Он должен узнать как можно больше о группе патентных поверенных, в которой работает красотка Света, и о скандале с торговой маркой… как ее там? “Любо-дорого”? Нет, “Красно Солнышко”.

Он должен выяснить, кто звонил Соне вчера вечером со Светиного мобильного телефона. Он должен выяснить, сколько на самом деле стоит ожерелье.

Он должен выяснить, кто прячется в соседнем доме. Он предполагал все, что угодно, и ему даже думать не хотелось, как именно он станет подтверждать свои подозрения.

Зря он хвастался Насте своим недюжинным умом.

Вода, бившая ему в лицо, стала совсем ледяной, и он мужественно терпел несколько секунд, прежде чем выскочить из-под душа.

Кожа из сухой и горячей превратилась в прохладную и упругую, в голове все расправилось и определилось, и можно было жить дальше. Кирилл очень гордился умением приводить себя в порядок.

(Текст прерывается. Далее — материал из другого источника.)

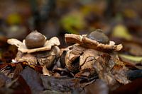 Dit werk toont een gekraagde aardzwam. De paddenstoel is hoofdzakelijk in de kustprovincies te vinden.
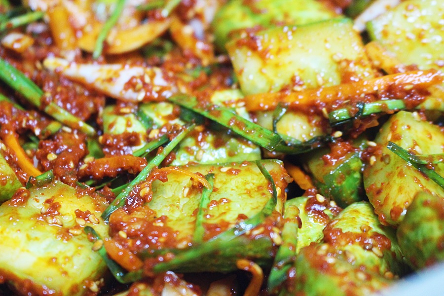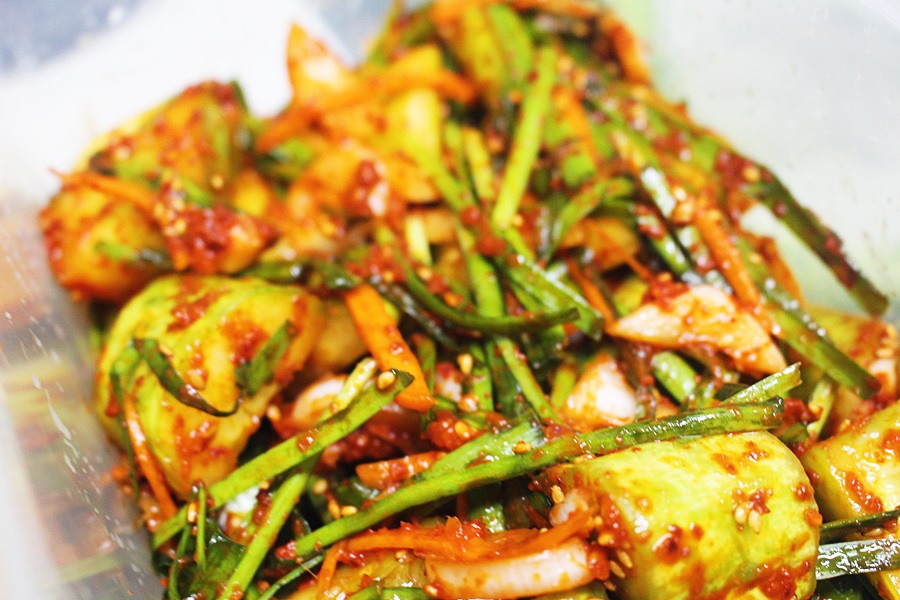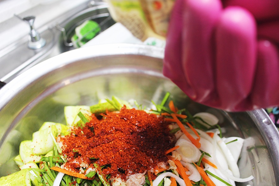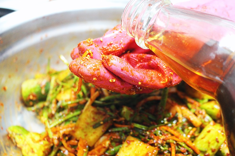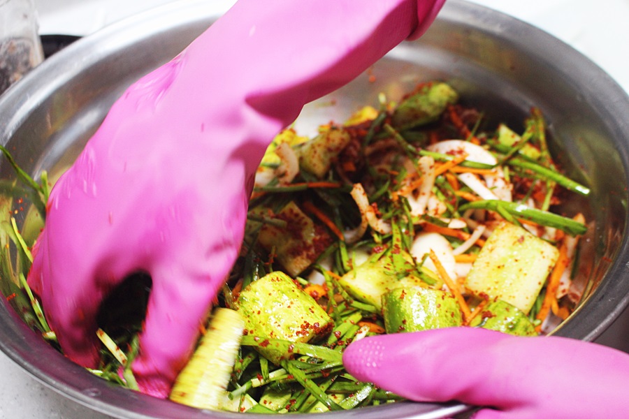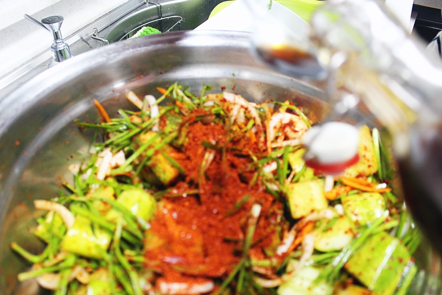 절여진 오이를 물이 한 번 씻어 본격적으로 만든다.

Он перешагнул порожек душа, всем телом чувствуя вернувшуюся радость бытия, и кофе ему захотелось, и яичницы с сосиской, и еще чего-нибудь, такого же бодрого и утреннего, когда дверь в ванную широко распахнулась, и на пороге появилась красотка Света.

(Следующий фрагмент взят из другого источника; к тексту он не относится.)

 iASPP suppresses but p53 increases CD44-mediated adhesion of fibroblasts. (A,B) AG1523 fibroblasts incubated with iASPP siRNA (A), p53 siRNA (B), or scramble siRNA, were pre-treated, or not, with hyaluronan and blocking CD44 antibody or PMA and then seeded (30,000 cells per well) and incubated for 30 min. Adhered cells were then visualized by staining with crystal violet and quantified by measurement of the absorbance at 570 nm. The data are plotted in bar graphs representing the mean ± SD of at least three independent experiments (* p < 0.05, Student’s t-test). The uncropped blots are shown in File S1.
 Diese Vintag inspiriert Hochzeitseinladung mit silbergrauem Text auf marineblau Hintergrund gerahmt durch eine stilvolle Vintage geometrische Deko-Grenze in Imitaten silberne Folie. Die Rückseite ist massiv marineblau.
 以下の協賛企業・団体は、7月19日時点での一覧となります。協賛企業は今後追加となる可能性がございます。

– Вот вы где, – сказала она с веселым злорадством, – а я вас везде ищу!

От неожиданности Кирилл не сразу сообразил, что должен делать и как именно ему теперь спасаться, а когда сообразил, Света уже величественно шагнула в ванную.

– Настя говорит, что у вас похмелье, – сообщила она, разглядывая его, – я вам аспиринчика принесла. Хотите аспиринчика?

Кирилл засуетился, полотенце куда-то подевалось, джинсы лежали слишком далеко, он дернул на себя чей-то халат, свалил его на пол вместе с хлипкой вешалкой, под халатом наконец обнаружилось полотенце, которое он судорожно обернул вокруг себя под безудержный Светин смех.

– Вам никто не говорил, что нельзя входить в ванную, когда там чужой мужчина? – Он отчаянно старался говорить со спокойным достоинством, но у него не получалось.

– Да ла-адно! – и Света махнула наманикюренной ручкой. – Мы с вами свои люди. Почти родственники.

– Я вам не родственник.

Внезапно она стала его раздражать.

Он не дрессированный пудель Артемон. Фокусы для уважаемой публики показывать не желает и демонстрировать предсказуемую реакцию тоже не станет.

Света подошла поближе и помахала у него перед носом блестящей упаковкой.

– Аспирин! – провозгласила она. – Хотите? Ему показалось, что она сейчас скажет: пляшите.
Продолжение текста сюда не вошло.